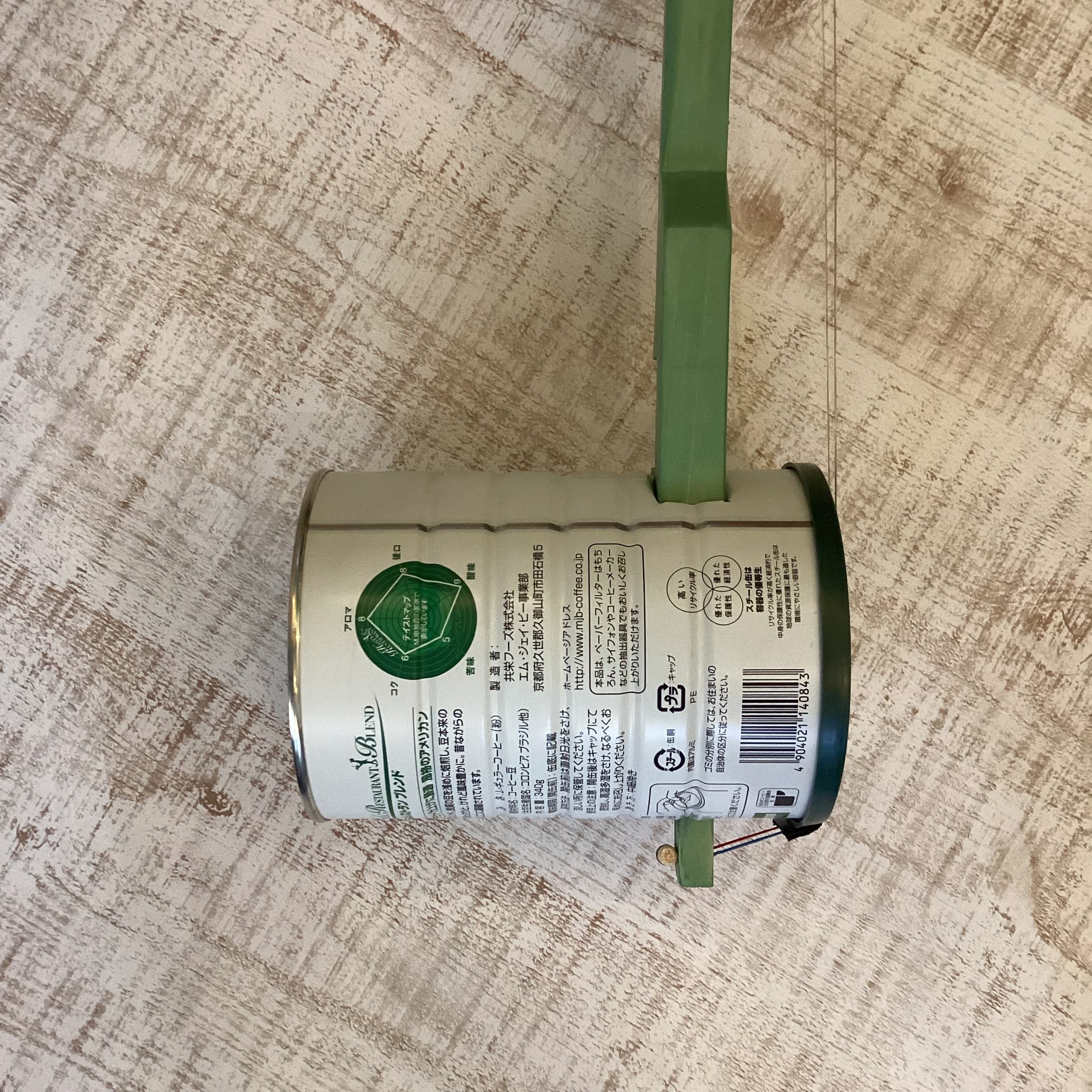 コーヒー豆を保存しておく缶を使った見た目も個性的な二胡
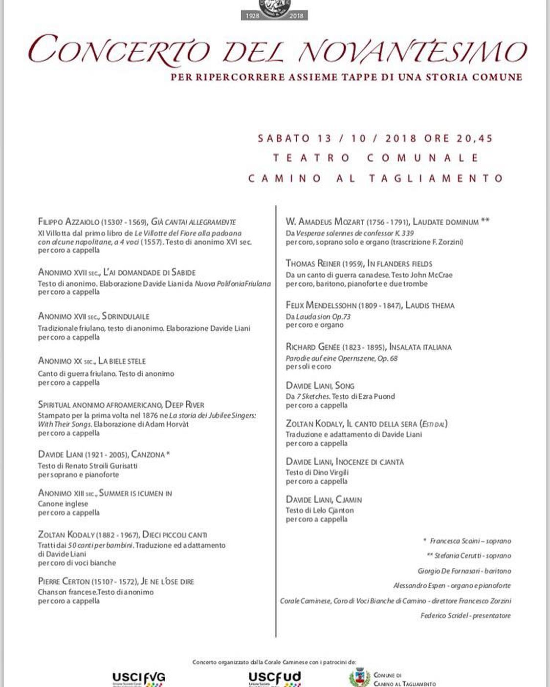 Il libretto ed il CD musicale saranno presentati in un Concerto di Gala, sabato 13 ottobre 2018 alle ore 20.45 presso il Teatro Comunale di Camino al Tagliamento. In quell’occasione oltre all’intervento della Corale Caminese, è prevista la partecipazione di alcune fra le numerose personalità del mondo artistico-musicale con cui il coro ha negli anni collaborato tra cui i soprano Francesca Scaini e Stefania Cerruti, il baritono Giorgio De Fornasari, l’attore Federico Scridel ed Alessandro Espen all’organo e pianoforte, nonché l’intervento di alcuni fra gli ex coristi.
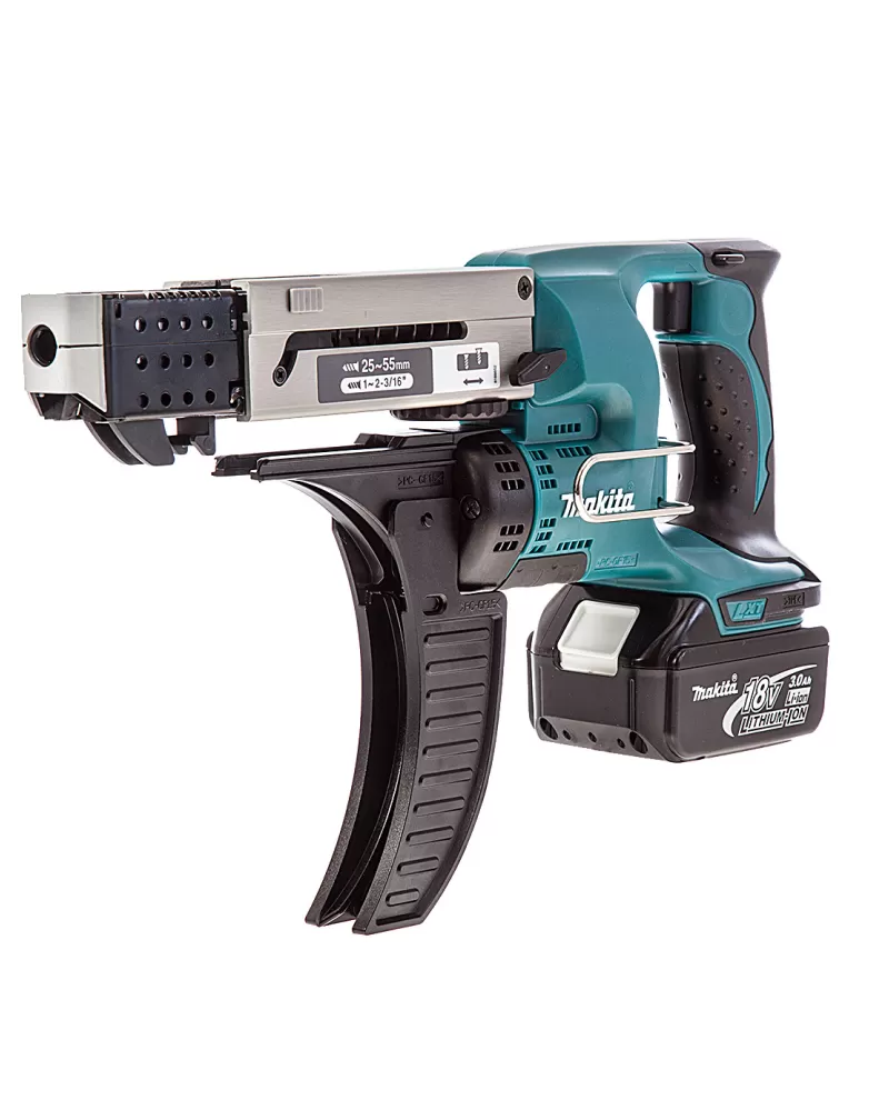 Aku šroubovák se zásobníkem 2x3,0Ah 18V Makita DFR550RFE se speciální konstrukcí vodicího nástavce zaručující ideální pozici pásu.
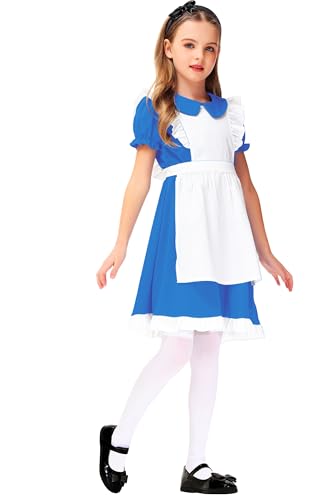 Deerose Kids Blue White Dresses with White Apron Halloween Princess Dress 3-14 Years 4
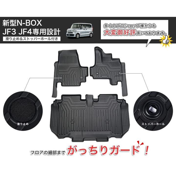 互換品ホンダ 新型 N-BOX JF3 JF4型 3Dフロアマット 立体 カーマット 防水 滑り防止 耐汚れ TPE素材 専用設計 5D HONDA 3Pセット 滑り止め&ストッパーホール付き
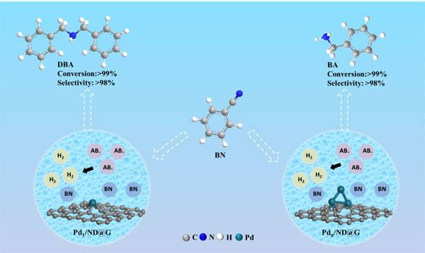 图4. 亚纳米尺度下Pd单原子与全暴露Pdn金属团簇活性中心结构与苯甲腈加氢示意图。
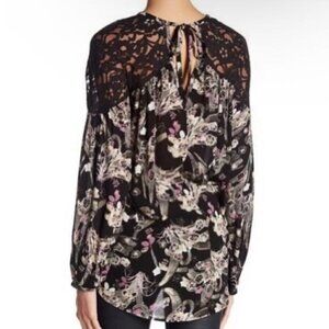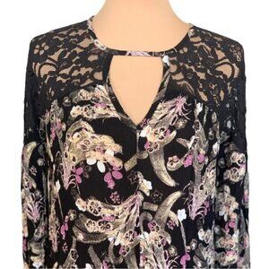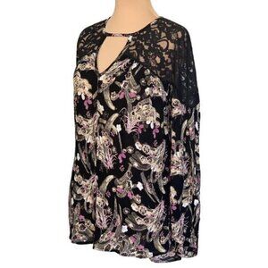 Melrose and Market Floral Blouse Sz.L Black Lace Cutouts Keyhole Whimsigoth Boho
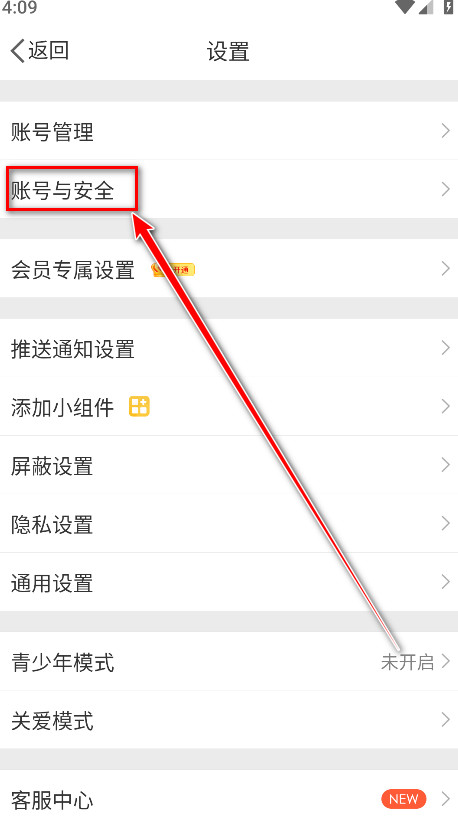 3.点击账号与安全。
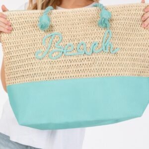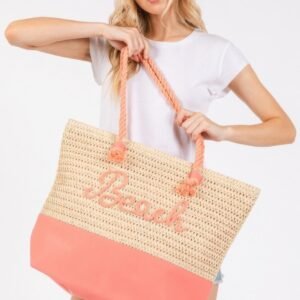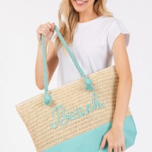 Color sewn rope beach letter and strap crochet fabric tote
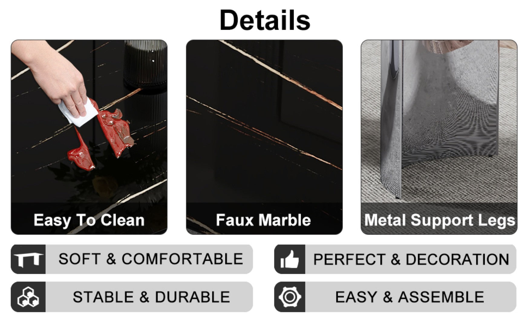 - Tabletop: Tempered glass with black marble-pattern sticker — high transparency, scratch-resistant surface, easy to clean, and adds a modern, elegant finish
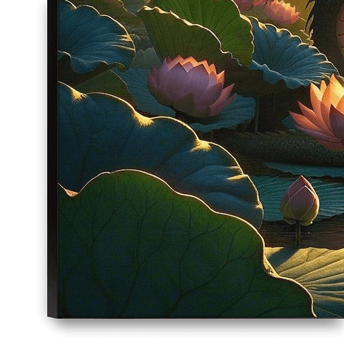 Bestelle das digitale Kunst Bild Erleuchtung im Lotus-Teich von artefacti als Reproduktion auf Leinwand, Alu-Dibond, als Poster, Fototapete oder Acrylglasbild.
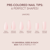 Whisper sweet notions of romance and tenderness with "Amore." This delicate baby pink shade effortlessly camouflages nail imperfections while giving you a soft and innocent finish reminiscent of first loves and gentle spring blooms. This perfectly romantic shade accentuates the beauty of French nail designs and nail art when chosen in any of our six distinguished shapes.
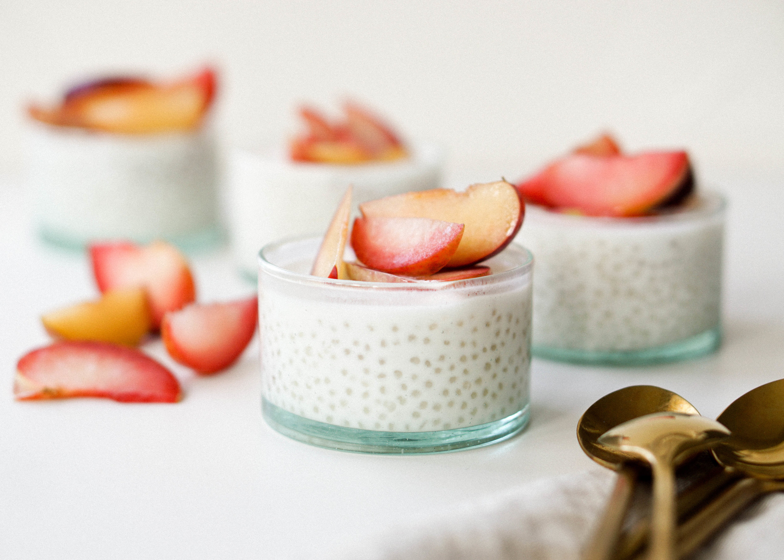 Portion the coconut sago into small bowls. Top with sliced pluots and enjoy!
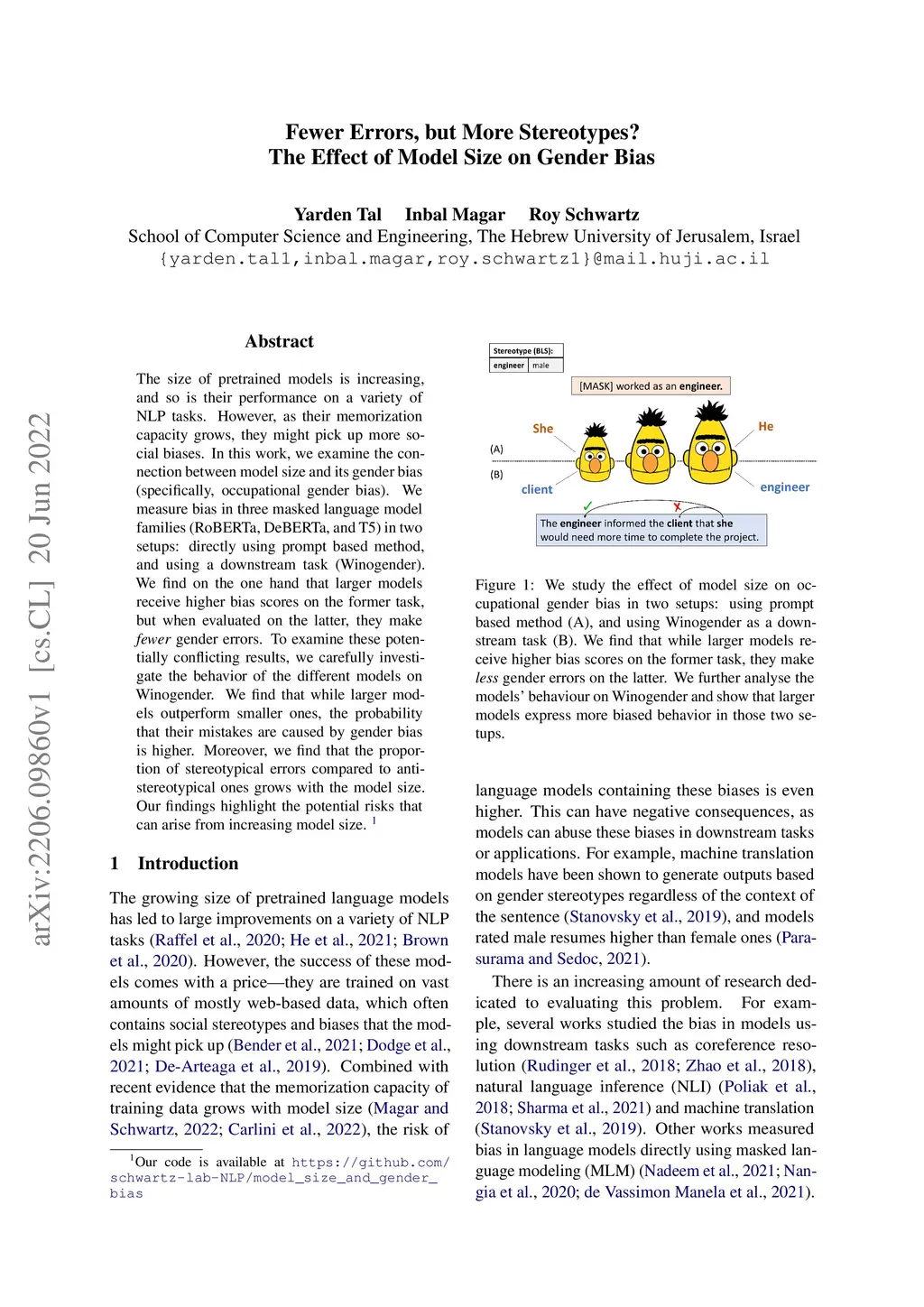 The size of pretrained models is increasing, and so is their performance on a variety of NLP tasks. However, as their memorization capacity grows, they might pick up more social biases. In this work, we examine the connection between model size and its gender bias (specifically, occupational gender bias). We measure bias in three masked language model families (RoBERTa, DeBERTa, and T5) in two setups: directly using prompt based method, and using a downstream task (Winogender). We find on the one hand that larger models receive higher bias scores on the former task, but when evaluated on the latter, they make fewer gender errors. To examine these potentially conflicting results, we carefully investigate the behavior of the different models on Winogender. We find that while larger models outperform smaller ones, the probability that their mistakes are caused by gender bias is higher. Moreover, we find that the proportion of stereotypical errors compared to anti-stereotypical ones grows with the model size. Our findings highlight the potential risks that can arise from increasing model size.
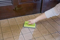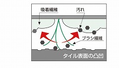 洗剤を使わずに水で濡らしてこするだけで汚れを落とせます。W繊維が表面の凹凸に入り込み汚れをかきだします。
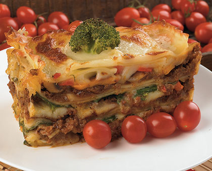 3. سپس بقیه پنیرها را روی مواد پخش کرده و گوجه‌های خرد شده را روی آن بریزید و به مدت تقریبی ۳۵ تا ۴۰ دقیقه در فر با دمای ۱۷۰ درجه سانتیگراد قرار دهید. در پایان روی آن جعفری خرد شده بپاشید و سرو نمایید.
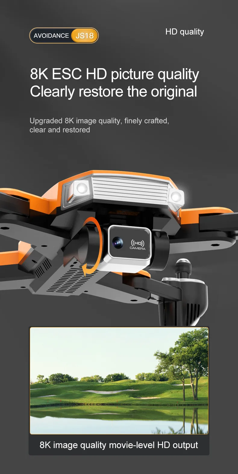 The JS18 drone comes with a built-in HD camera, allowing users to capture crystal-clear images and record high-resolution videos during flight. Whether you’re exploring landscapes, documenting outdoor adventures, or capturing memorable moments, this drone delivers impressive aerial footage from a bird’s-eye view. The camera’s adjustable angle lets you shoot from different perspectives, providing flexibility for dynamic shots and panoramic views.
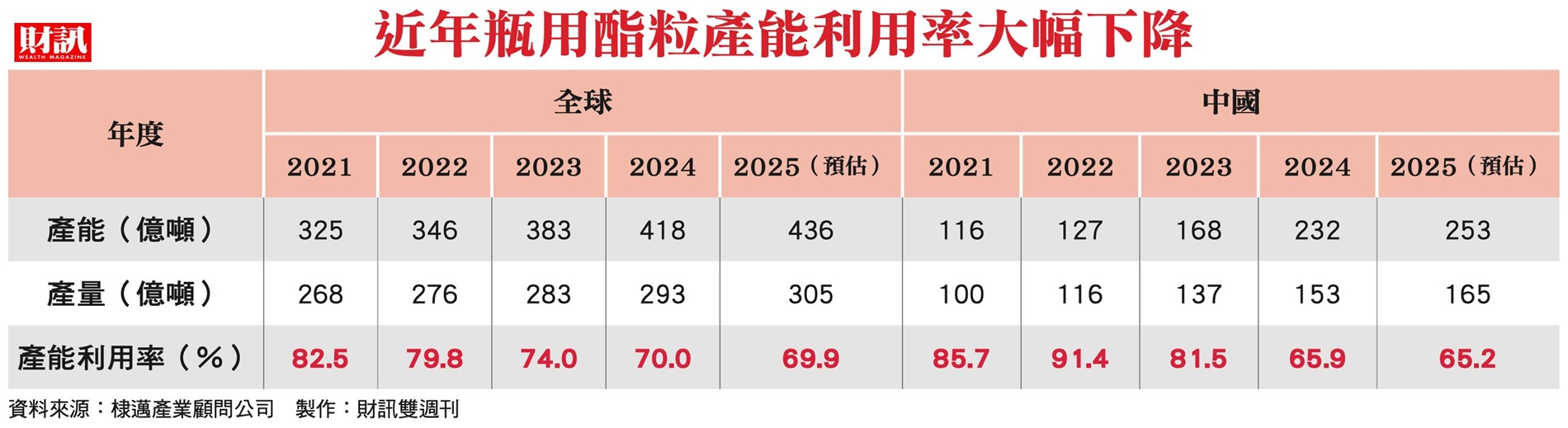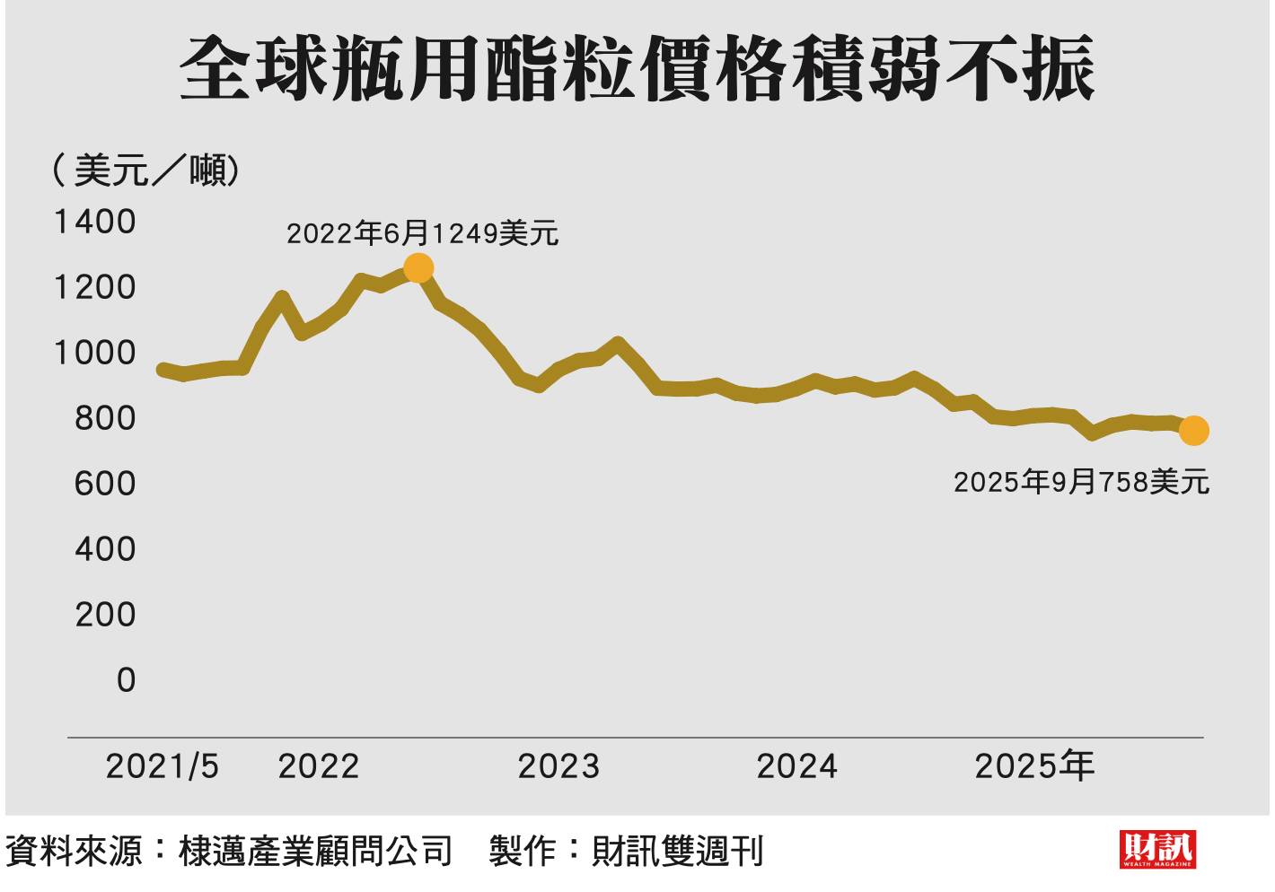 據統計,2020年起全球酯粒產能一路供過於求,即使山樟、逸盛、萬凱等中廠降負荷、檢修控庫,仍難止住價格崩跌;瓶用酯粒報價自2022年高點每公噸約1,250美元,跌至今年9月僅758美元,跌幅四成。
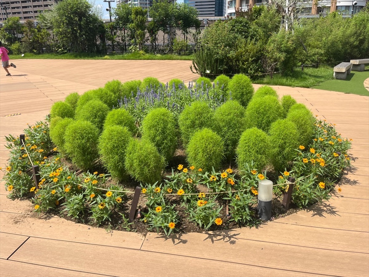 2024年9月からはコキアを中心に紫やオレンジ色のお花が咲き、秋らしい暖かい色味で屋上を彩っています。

..........

Your task: Within the listing above, copy exactly the lines that start at the one with "互換品ホンダ 新型 N-BOX" and continue through the one with "Portion the coconut". Omit pictures.

Task response:
 互換品ホンダ 新型 N-BOX JF3 JF4型 3Dフロアマット 立体 カーマット 防水 滑り防止 耐汚れ TPE素材 専用設計 5D HONDA 3Pセット 滑り止め&ストッパーホール付き
 图4. 亚纳米尺度下Pd单原子与全暴露Pdn金属团簇活性中心结构与苯甲腈加氢示意图。
 Melrose and Market Floral Blouse Sz.L Black Lace Cutouts Keyhole Whimsigoth Boho
 3.点击账号与安全。
 Color sewn rope beach letter and strap crochet fabric tote
 - Tabletop: Tempered glass with black marble-pattern sticker — high transparency, scratch-resistant surface, easy to clean, and adds a modern, elegant finish
 Bestelle das digitale Kunst Bild Erleuchtung im Lotus-Teich von artefacti als Reproduktion auf Leinwand, Alu-Dibond, als Poster, Fototapete oder Acrylglasbild.
 Whisper sweet notions of romance and tenderness with "Amore." This delicate baby pink shade effortlessly camouflages nail imperfections while giving you a soft and innocent finish reminiscent of first loves and gentle spring blooms. This perfectly romantic shade accentuates the beauty of French nail designs and nail art when chosen in any of our six distinguished shapes.
 Portion the coconut sago into small bowls. Top with sliced pluots and enjoy!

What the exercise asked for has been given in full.